= 1994 European Athletics Indoor Championships – Men's 800 metres =

The men's 800 metres event at the 1994 European Athletics Indoor Championships was held in Palais Omnisports de Paris-Bercy on 11, 12 and 13 March.

==Medalists==

| Gold | Silver | Bronze |
|---|---|---|
| Andrey Loginov Russia | Luis Javier González Spain | Ousmane Diarra France |

==Results==
===Heats===
First 2 from each heat (Q) and the next 4 fastest (q) qualified for the semifinals.

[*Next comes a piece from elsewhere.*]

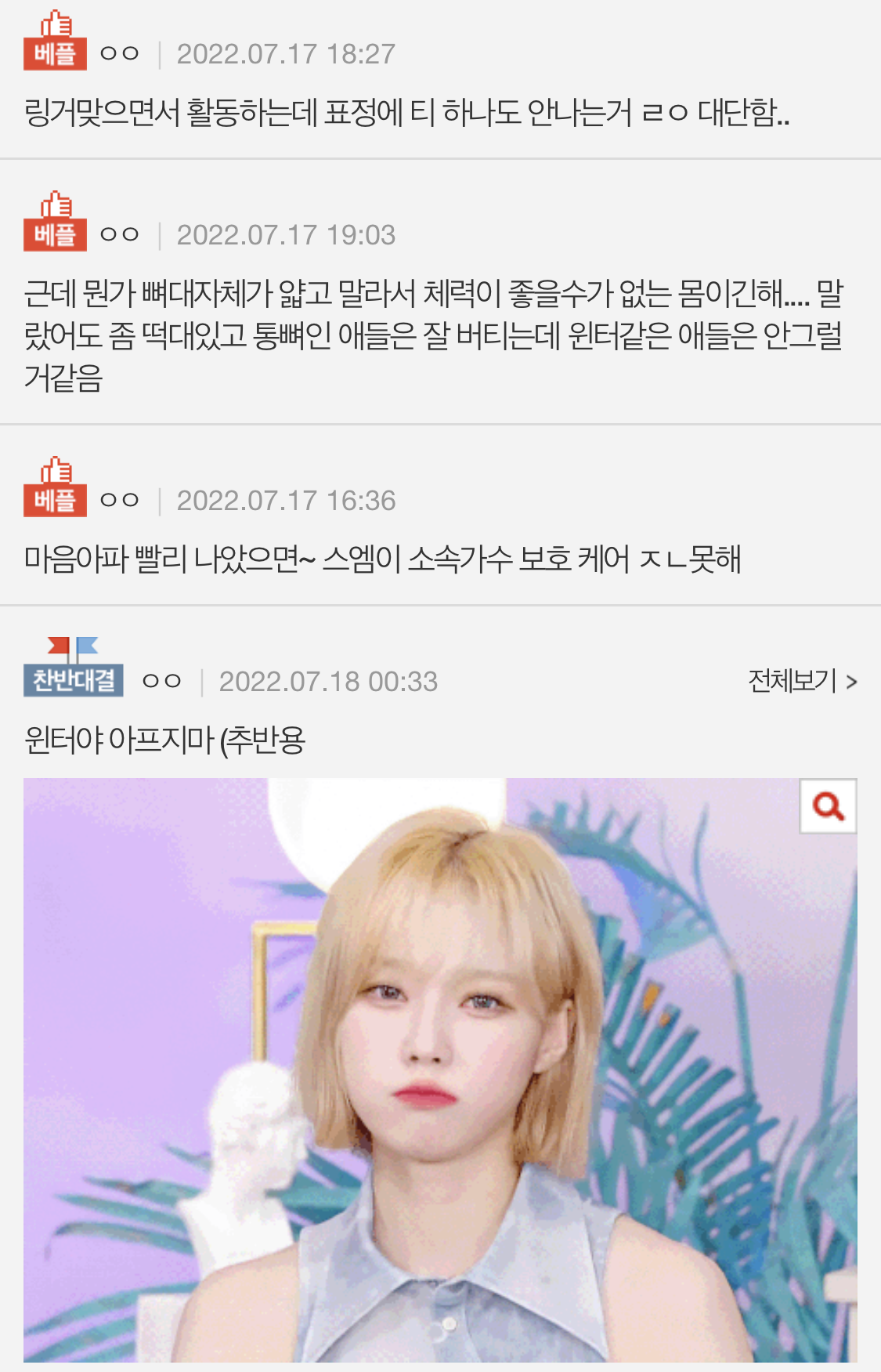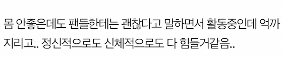 결국 윈터가 직접 버블로 "정말 괜찮은 줄 알았는데, 몸이 아직 좋지 않다. 실망시켜서 정말 미안하다. 푹 쉬고 낫도록 하겠다. 정말 미안하고 보고 싶다고" 사과했습니다. ㅠㅠ

| Rank | Heat | Name | Nationality | Time | Notes |
|---|---|---|---|---|---|
| 1 | 1 | Andrey Loginov | Russia | 1:47.47 | Q |
| 2 | 1 | Nico Motchebon | Germany | 1:47.66 | Q |
| 3 | 1 | Bruno Konczylo | France | 1:47.66 | q, PB |
| 4 | 1 | Alfredo Lahuerta | Spain | 1:48.01 | q |
| 5 | 1 | Oliver Münzer | Austria | 1:48.01 | q |
| 6 | 4 | Martin Steele | Great Britain | 1:48.69 | Q |
| 7 | 4 | Frédéric Cornette | France | 1:48.92 | Q |
| 8 | 4 | Michael Wildner | Austria | 1:49.20 | q |
| 9 | 4 | José Arconada | Spain | 1:49.39 |  |
| 10 | 2 | Luis Javier González | Spain | 1:49.46 | Q |
| 11 | 2 | Ousmane Diarra | France | 1:49.59 | Q |
| 12 | 3 | Torbjörn Johansson | Sweden | 1:49.72 | Q |
| 13 | 3 | Andrea Giocondi | Italy | 1:49.85 | Q |
| 14 | 2 | Craig Winrow | Great Britain | 1:49.88 |  |
| 15 | 2 | Oliver Poeschl | Germany | 1:49.94 |  |
| 16 | 3 | David Matthews | Ireland | 1:50.24 |  |
| 17 | 3 | Anatoliy Makarevich | Belarus | 1:50.56 |  |
| 18 | 2 | Leon Haan | Netherlands | 1:50.74 |  |
| 19 | 4 | Tonny Baltus | Netherlands | 1:50.60 |  |
| 20 | 3 | Marco Runge | Germany | 1:52.89 |  |

===Semifinals===
First 3 from each semifinal qualified directly (Q) for the final.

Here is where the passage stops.